1. Schizophrenia: Pathophysiology, Current Therapy and Treatment Gap

Schizophrenia is a high incidence psychiatric disorder, having been recently estimated to affect 21 million people worldwide [1]. Its onset usually occurs in early adulthood and has a high impact on a patients’ quality of life, since it is characterized by a set of symptoms that not only affect the individual’s day-to-day functioning, but also their surroundings [1][2]. These symptoms include: hallucinations, delusions, disorganized thought or speech, and unusual behavior as positive symptoms; reduced motivation, lack of enjoyment, social withdrawal and flattened emotions as negative symptoms; and memory and attention deficits as cognitive symptoms [2][3]. Although the exact pathophysiology of schizophrenia remains unclear, disruptions in several neurotransmitter systems (serotonergic, cholinergic, glutamatergic, GABAergic, dopaminergic) have been associated with the disease [1][2][3]. However, the most affected neurotransmitter system in schizophrenic patients seems to be the dopaminergic system, with the existence of a dysfunction in dopamine production, which either increases (associated with positive symptoms) or decreases (associated with negative and cognitive symptoms) (summary of the pathophysiology of schizophrenia in Figure 1).
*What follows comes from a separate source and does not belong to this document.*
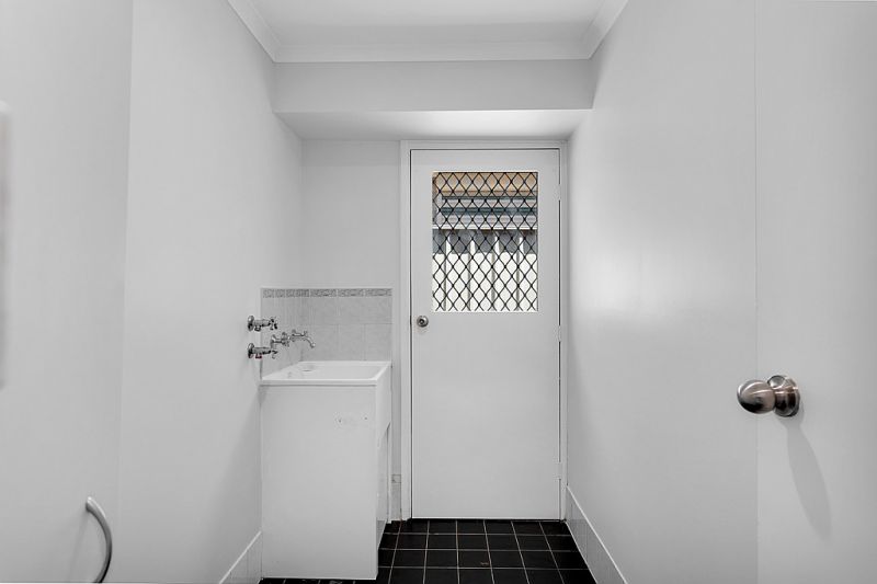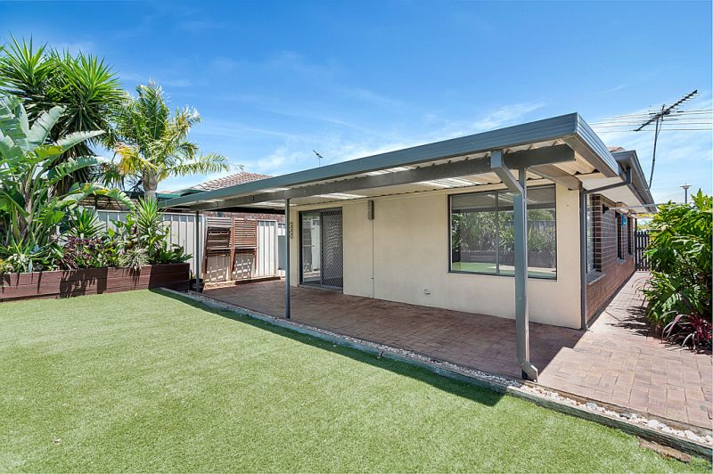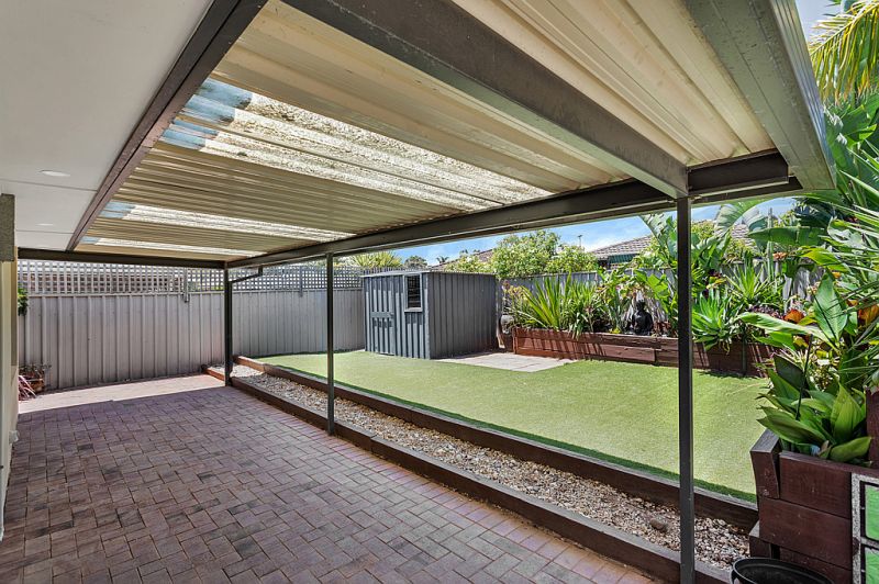 > outside is a great place to relax under the verandah and entertain in the low maintenance yard with lawn and storage shed

Figure 1. Pathophysiology of schizophrenia, including associated symptoms and pathological mechanisms at the cellular level.
Therefore, the chosen pharmacological treatment in a clinical context are usually antipsychotic drugs that mostly target dopamine receptors. Dozens of different drugs are available in the market and, hence, the treatment has to be tailored to the individual [1][2][4]. Antipsychotics can also be used to treat other schizoaffective or delusional disorders (alone or in combination with other drugs), such as acute mania, major depressive disorder with psychotic features, delusional disorder, severe agitation, Tourette syndrome, borderline personality disorder, dementia and delirium [5]. Nevertheless, in general, antipsychotic drugs lead to a large number of disabling side effects (metabolic, cardiovascular, neurologic), and many times result in relapse and treatment resistance. These limitations many times lead to treatment discontinuation [1][3]. Consequently, safer and more effective treatment options are urgently required. Yet, since many of these molecules have limiting aqueous solubility issues, due to being highly lipophilic, they are very hard to formulate, in technological terms.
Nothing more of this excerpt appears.